Who we are
Jean Marie Carey - German/Art History
My project Prophet, Martyr, Muse, Myth: Franz Marc’s Fairy Tale, Fractured uses the concepts of Einfühlung and Nachträglichkeit as both frameworks and methods for re-evaluating the work of painter and writer Franz Marc in order to allow the artist a fuller presence in his own biography. Reframing Marc’s life gives us a fresh perspective on German Modernism’s "integrative personality” as a naturalist-pantheist and connects Marc’s practices to issues of perception and environment in our own time. My thesis implicitly investigates ideas about “the death of the author” and “the return of the real” and examines the role of historiography in art historical scholarship.

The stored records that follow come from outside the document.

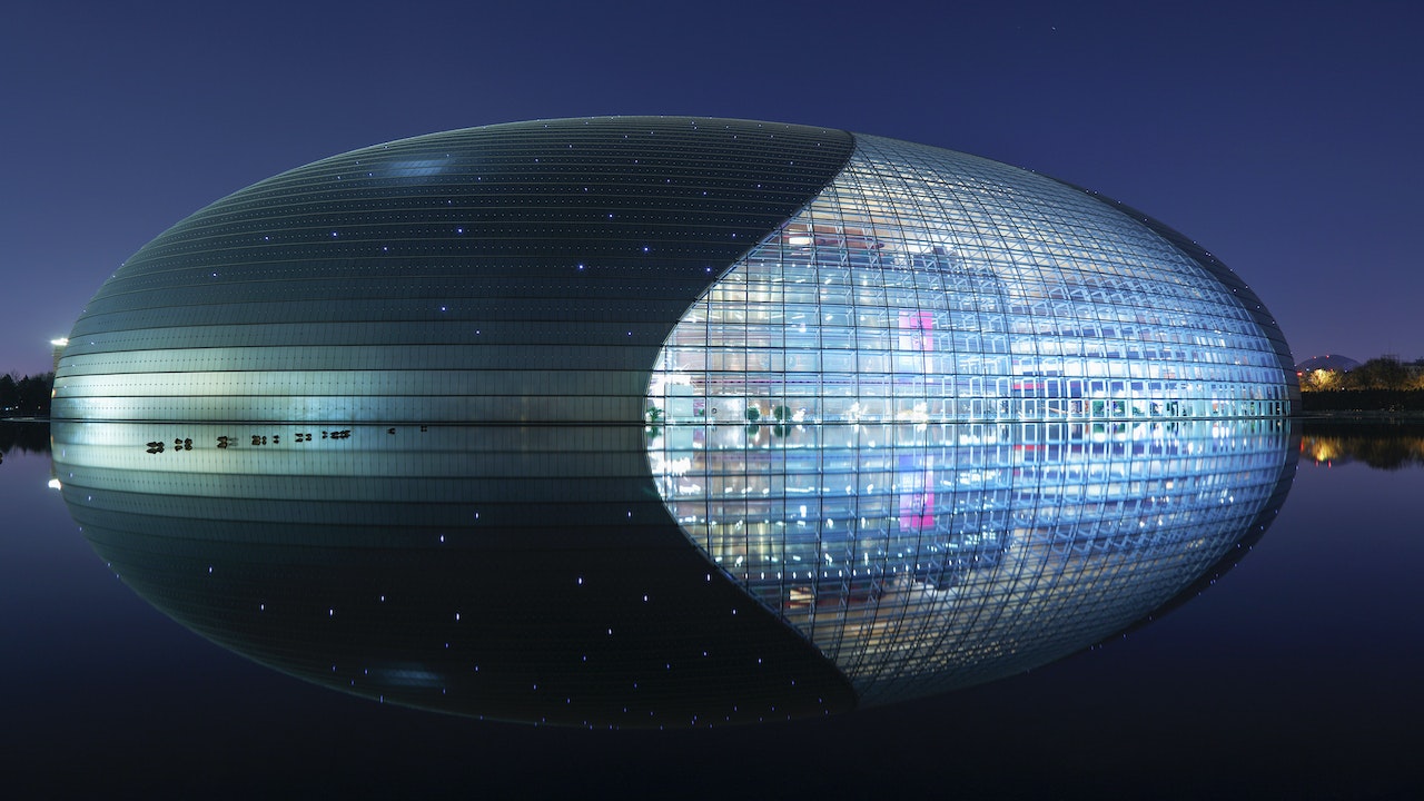 The illuminated National Center for the Performing Arts at night in Beijing, with its reflection on the water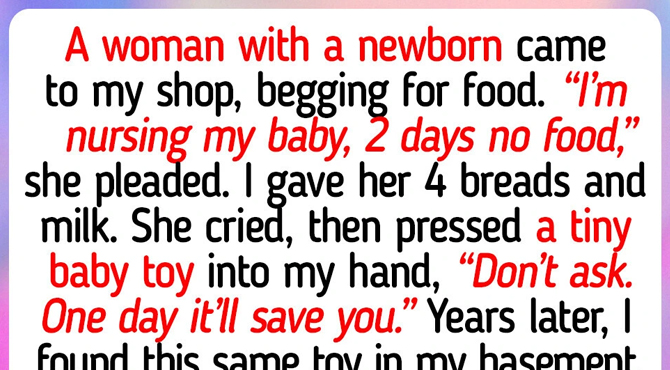 A woman with a newborn came to my shop, begging for food. “I’m nursing my baby, 2 days no food,” she pleaded. I gave her 4 breads and milk. She cried, then pressed a tiny baby toy into my hand, “Don’t ask. One day it’ll save you.”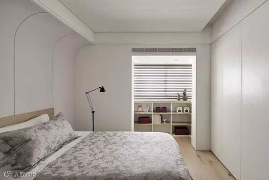 次卧为儿童房,全白色打造显得简单而质朴,延伸出去的小阳台被打造成了收纳间,将空间充分地利用了起来。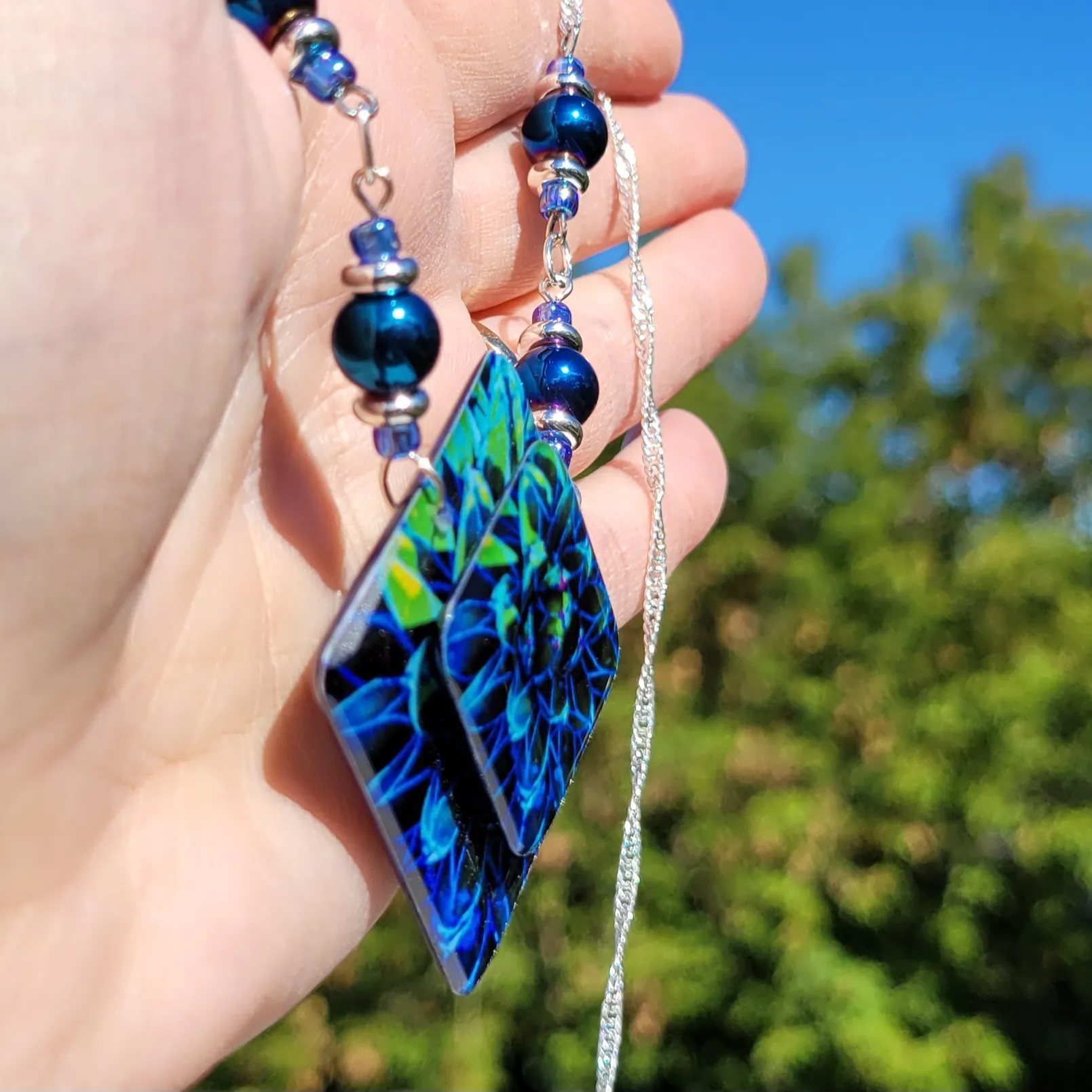 I created the pendant using photography and resins. Reversible pendant.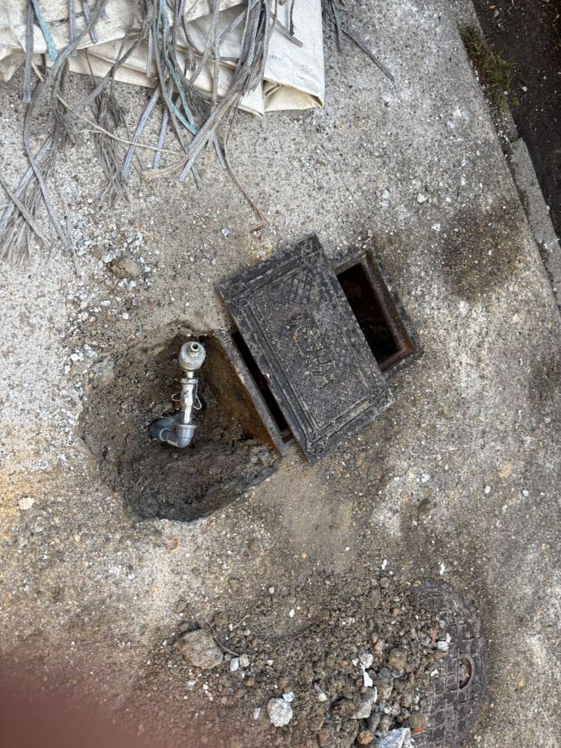 ④散水用仮設水道の立ち上げ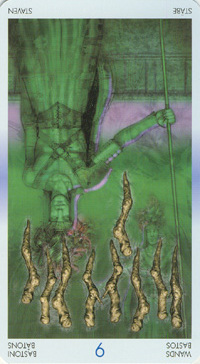 The 9 represents rest after work, which is another thing (like 8) that the element Fire associated with Wands is not very comfortable with. Fire likes to keep going. This rest will probably be spent thinking about what to do next along the course to completion.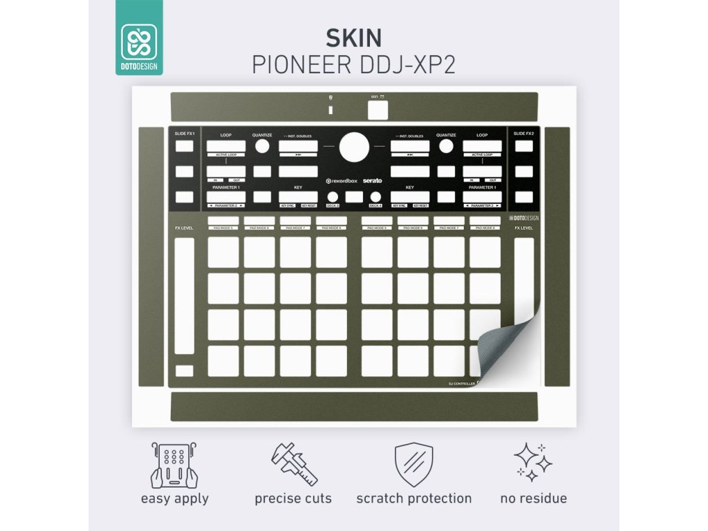 Naklejka na kontroler MIDI Pioneer DDJ-XP2 w wersji FULL COLORS, kolor army green (wojskowa zieleń).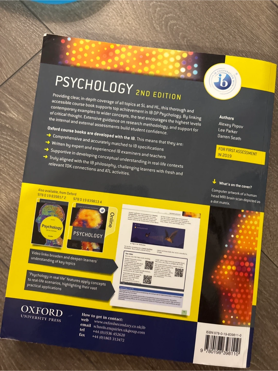 Giving away the Oxford IB Diploma Programme Psychology 2nd Edition textbook. It provides clear, in-depth coverage of all topics at SL and HL. This thorough and accessible course book supports achievement in IB DP Psychology by linking contemporary examples to wider concepts, the text encourages the higher levels of critical thinking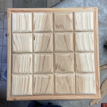 3cm厚 6cm角でカットした板をブロック状に並べて天板にする。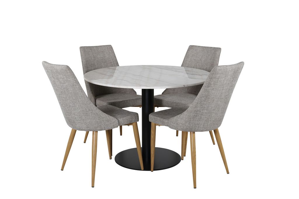 Venture Home Leone & Estelle 4 st Matstolar Ljusgrå + Runt Matbord ⌀106 Vit

Balazs Kiglics - Asian Studies
Balazs Kiglics studied in Budapest, Hungary. He holds a B.A. in Physical Education, a B.A. in Business Administration, and a Postgraduate Diploma in International Economics. He was a founding member and then president of the Hungarian Foundation of Sports Philosophy (1999). He came to the University of Otago in 2009, to join the programme of Asian Studies. In 2012, Balazs Kiglics started a doctoral thesis on Japan-China political relations.
Research topic: ‘World, vision, values, and progressivity in Japanese elite perceptions of contemporary Japan-China relations: what comes after the cherry blossoms are over?’ The dissertation argues that today’s academic scholarship in Japan reveals a disturbing lack of self-reflexive and self-critical analyses of the political relations between China and Japan. The thesis proposes that, against this form of academic conservatism, progressive socio-cultural philosophies ought to be developed, which take into serious consideration the cultural values informing both nations. These theories would contribute to peaceful and constructive exchanges between Japan and China, bypassing the impasse produced by a focus on strictly political and economic interests on the one hand, and on the traumatic past.
Marialuisa Risoli - German
Marialuisa Risoli studied Foreign Languages at the University of Turin where she graduated with an M.A. in German Studies in 2006. After her graduation, she worked as teaching assistant for the German Department at the University of Turin. She joined the German Programme at the University of Otago in 2012 for her doctoral studies. Her research interests are Comparative Literature and European Studies.
Research topic: "Voicing the Subaltern. Instances of subversion in Weimar Fairy Tales". Gramsci's theories of subalternity and hegemony have provided me with the framework for my research on Weimar fairy tales. Weimar fairy tale production provides an important insight of the struggles for hegemony after the collapse of the German Reich and reveal how groups with unequal access to power speak and act around divergent sets of power. Particularly important for my analysis of Weimar fairy tales is Raymond William's theoretical contribution relating to the notions of dominant, emergent and residual cultural elements. These notions allow me to shed light on the strategies at work in these narratives, whether allegedly subversive or not, but also on the conservative elements that permeated the subaltern fairy tale production and that put at risk their roles within the revolutionary Weimar politics.